UFC Fight Pass will stream the Hollywood Night fight card that includes a female world championship fight and other intriguing match-ups.
Tom Loeffler heads 360 Promotions and once again comes full force with a hot prospect in Trinidad. If you’re not familiar with Loeffler’s history of success, he introduced America to Oleksandr Usyk, Gennady “GGG” Golovkin and the brothers Wladimir and Vitaly Kltischko.
“We’ve got a wealth of international talent and local favorites to kick off our 2025 in grand style,” said Loeffler.
He knows talent.
Trinidad hails from the Boyle Heights area of East L.A. near the Los Angeles riverbed. Several fighters from the past came from that exact area including the first Golden Boy, Art Aragon.
Aragon was a huge gate attraction during the late 1940s until 1960. He was known as a lady’s man and dated several Hollywood starlets in his time. Though he never won a world title he did fight world champions Carmen Basilio, Jimmy Carter and Lauro Salas. He was more or less the king of the Olympic Auditorium and Los Angeles boxing during his career.
Other famous boxers from the Boyle Heights area were notorious gangster Mickey Cohen and former world champion Joey Olivo.
Can Trinidad reach world title status?
Facing Trinidad will be Filipino fighter Plania who’s knocked off a couple of prospects during his career including Joshua “Don’t Blink” Greer and Giovanni Gutierrez. The fighter from General Santos in the Philippines can crack and hold his own in the boxing ring.
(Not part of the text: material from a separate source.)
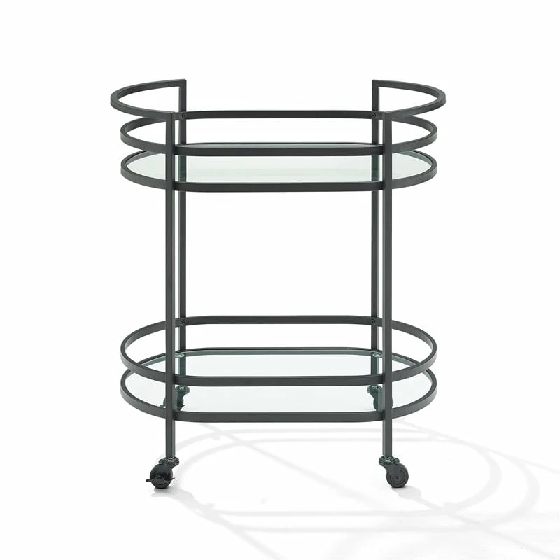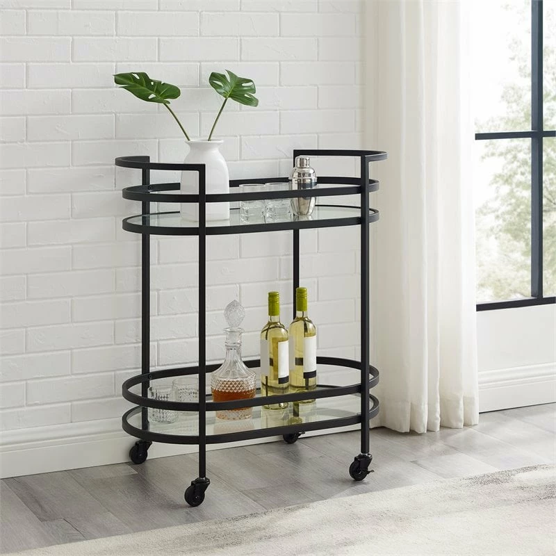 Deals βοΈ Allora Modern Metal Bar Cart With 2 Tempered Glass Shelves In Matte Black π€©

It’s a very strong fight card and includes WBO world titlist Mizuki Hiruta of Japan who defends the super flyweight title against Mexican veteran Maribel Ramirez. It’s a tough matchup for Hiruta who makes her American debut. You can’t miss her with that pink hair and she has all the physical tools to make a splash in this country.
Two other female bouts are also planned, including light flyweight banger L.A.’s Gloria Munguilla (6-1) against Coachella’s Brook Sibrian (5-1) in a match set for six rounds. Both are talented fighters. Another female fight includes super featherweights Iyana “Right Hook Roxy” Verduzco (2-0) versus Lindsey Ellis (2-1) in another six-rounder. Ellis can crack with all her wins coming via knockout. Verduzco is a multi-national titlist as an amateur.
Others scheduled to perform are Ali Akhmedov, Joshua Anton, Adan Palma and more.
Doors open at 4:30 p.m.
Boxing and the Media
The sport of professional boxing is currently in flux. It’s always in flux but no matter what people may say or write, boxing will survive.
Whether you like Jake Paul or not, he proved boxing has worldwide appeal with monstrous success in his last show. He has media companies looking at the numbers and imagining what they can do with the sport.
Sure, UFC is negotiating a massive billion dollar deal with media companies, as is WWE, both are very similar in that they provide combat entertainment. You don’t need to know the champions because they really don’t matter. Its about the attractions.
Boxing is different. The good champions last and build a following that endures even beyond their careers a la Mike Tyson.
MMA can’t provide that longevity, but it does provide entertainment.
Currently, there is talk of establishing a boxing league again. It’s been done over and over but we shall see if it sticks this time.
Pro boxing is the true warrior’s path and that means a solo adventure. It’s a one-on-one sport and that appeals to people everywhere. It’s the oldest sport that can be traced to prehistoric times. You don’t need classes in Brazilian Jiujitsu, judo, kick boxing or wrestling. Just show up in a boxing gym and they can put you to work.
It’s a poor person’s path that can lead to better things and most importantly discipline.